Only that spring Pauling had published news of his triumphant discovery — the alpha helix, the most important regular structure found in proteins, enables its internal chains to turn corners. The best showman in science, Pauling had first revealed his idea in a lecture at Caltech when, building up suspense, he waited until the very end to unveil a construction of coloured plastic balls wired together to form a coiled spiral. This, he announced, was the alpha helix's shape.

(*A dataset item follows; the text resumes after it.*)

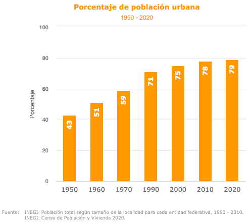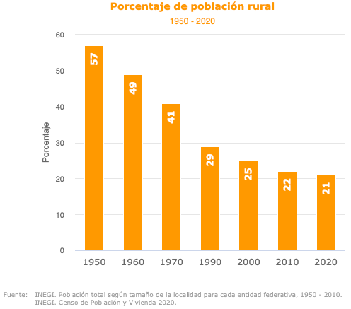 La gráfica muestra la evolución de la población rural y urbana de México desde 1950 hasta 2020. Podemos ver cómo la población urbana ha ido aumentando de manera constante en los últimos años, mientras que la población rural ha disminuido. También se muestra que la población urbana superó a la población rural en 1965.
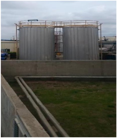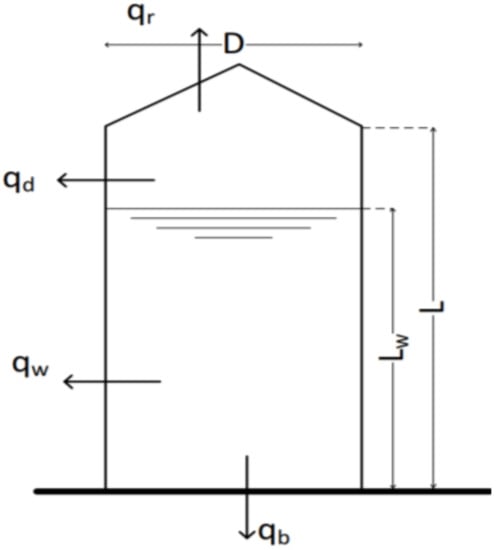 The heat losses from the bitumen storage tank (Figure 2) to the ambient were evaluated based on heat transfer calculations. In this case, the heat transfer rate was strongly related to the isolation quality, tank configuration, ambient temperature, wind speed, and the temperature difference between the tank and air or ground []. Therefore, the tank surface area was divided in four parts as shown in Figure 3: the dry sidewall, the wet sidewall, the tank bottom and the tank roof.

The news devastated Lawrence Bragg, now director of the Cavendish. Pauling had been his main rival for twenty-three years (in part because of Bragg's suspicion that his own ideas on the chemical bond had been appropriated and passed off as Pauling's own). Now Pauling had solved the structure of one of protein's basic units — a problem that the Cavendish had had in its sights. Bragg slowly walked up the stairs at the Cavendish, downcast, contemplating what he came to call ‘the biggest mistake of my scientific career'.

In any event, said Francis Crick, now working on protein at the Cavendish and who witnessed the sorry spectacle, ‘Helices were in the air.' Also in the air was the signal that post-war science was becoming competitive, a game of winners and losers.